This is another installment in the continuing saga of failure that seemed to follow Morris Crimpanfortis V wherever he went. We learn that he had the good fortune of caddying for one of his father’s TV execs in a celebrity golf tournament and was subsequently awarded a position at the Burbank studio. There, he learned the ropes and generally comported himself in a professional manner. But that, of course, did not last forever. Overstepping his boundaries, he produced an infomercial that went live coast-to-coast on the family-owned network that delivered results that were a crashing embarrassment to the staid Crimpanfortis standard of broadcast excellence.
Leaving Burbank in the Red-eye Dust
How I went from Hollywood Hotshot to Coal Country Wash-up
You may be wondering how I went from our flagship television station in the Los Angeles DMA to an end-of-the-road outlet in the economically distressed coal region of eastern Pennsylvania. This is the price one sometimes pays for innovation and creativity. Unfortunately, I chose the wrong product to get innovative with. The result was one of the most embarrassing debacles in live TV history. Worse, it totally disgraced Daddy. And you know who took the blame: it sure wasn’t my sister Noreen.

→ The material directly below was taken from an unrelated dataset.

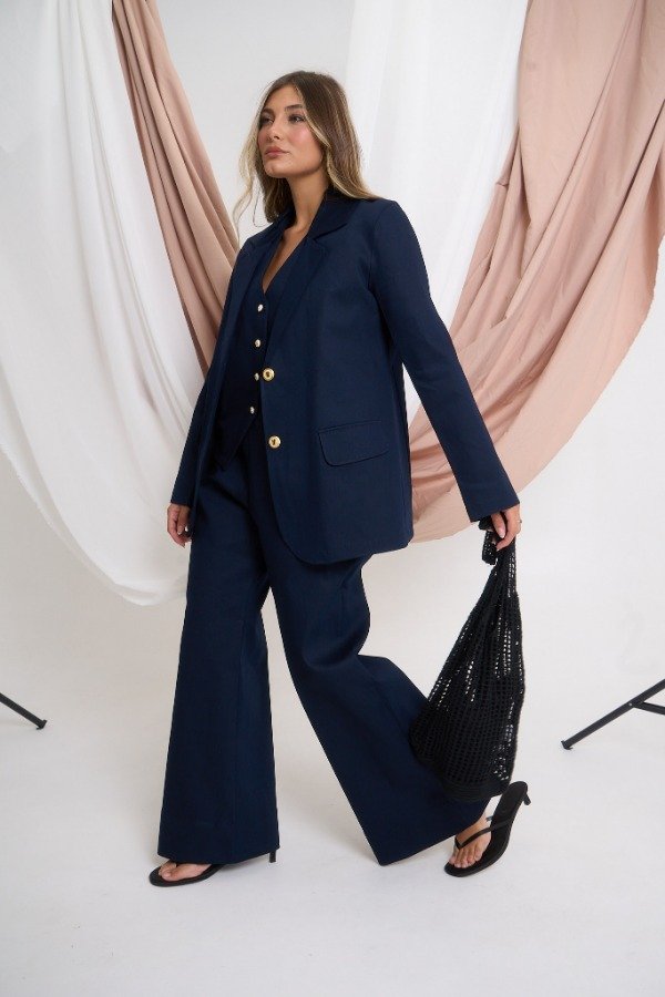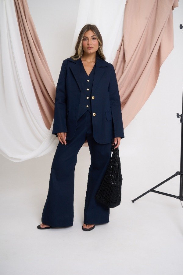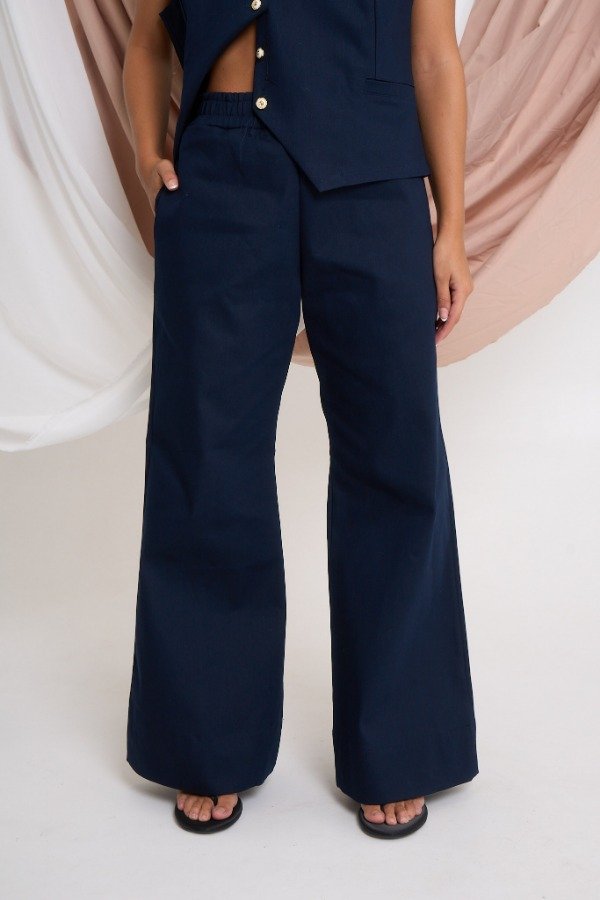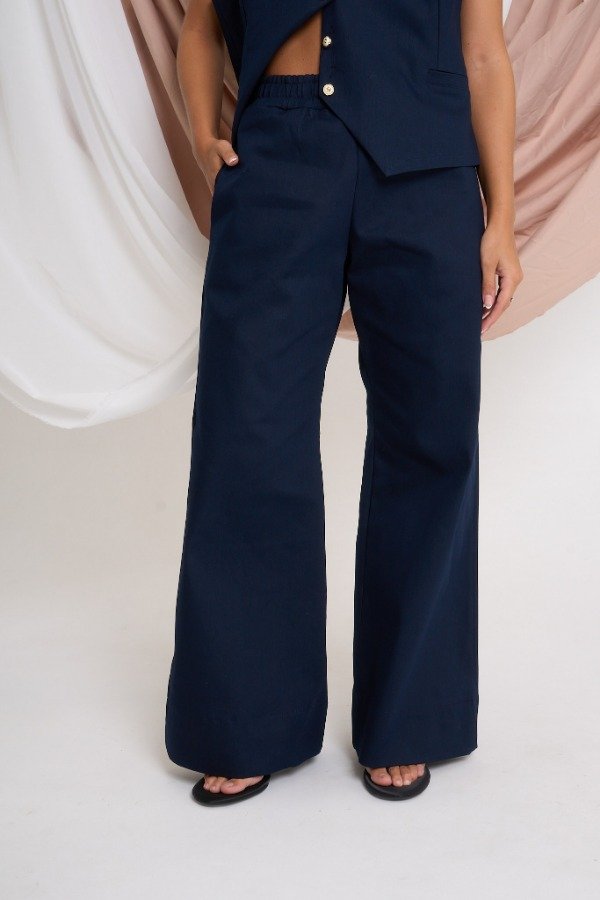 Pantalón confeccionado en gabardina elastizada, con cintura elastizada y bolsillos laterales. Color azul marino. Talle U. Medidas: contorno de cintura elastizada 102 cm, contorno de cadera 110 cm y largo 102 cm

All but disowning me the only recourse of the family was to shuffle me off to oblivion and hope I didn’t debauch myself again. Of course, when you regularly entertain creative urges like I do, you’re never going to remain silent. There’s always a gears grinding in the old wheelhouse–even if people say I’m a couple bricks shy of a full load. But what do they know? Do they know what actually constitutes a “full load?” Don’t worry I’ll give you a full load. A full load upended my career.
The Nastiest Cleanse of All
It all began–and ended–with a half-hour infomercial. You know the genre I’m talking about, the one where the announcer is constantly saying, “But wait, there’s more.” There was more, all right. I created what I thought was a groundbreaking vehicle for an ambitions, albeit overly aggressive client. What started with such high hopes became a nightmare of epic proportion.
The disaster at the Burbank studio taught me a couple of valuable lessons: number one, never deal with a herbal body cleanse that bills itself as “explosive.” Number two: don’t roll over for any of your clients; and number three: never trust the hyperbolic claims of a detox product that hasn’t been thoroughly vetted by the proper regulatory agencies. There’s no such thing as “fudging the clinical data” to make the benefits/risks assessment more palatable to the uninformed consumer.
But above all else–never…NEVER, EVER go live with such a product (especially not without the luxury of a seven-second delay) and NEVER, EVER…EVER make a game show out of contestants demonstrating the product’s primary use with escalating prize packages tied to performance.
So what if the Disaster was seen around the World?
Corporate can banish me to the far and forgotten reaches of this great country all it wants. I will not stop pitching my shows. New content is the lifeblood of a television network. This is my opportunity to rise and shine and I’ve got to stake my claim. You never know if you’ll ever get another shot like this again.
Oh, by the way…sales of the product that I showcased went through the roof following the one-time-only telecast. To this day, the all-natural cleanse ranks in the top ten of like-minded products according to the “lists” you see on the Internet (when, of course, in these post-sunspot days the flickering Internet is actually working).
How much did the televised meltdown contribute to brand awareness? All I know for certain, I’ll never get the credit. But that’s okay; when you’re creating shows, you do it for the love of the game.
And when you finally do have a success, it just makes all the snide comments people make behind your back just that much sweeter.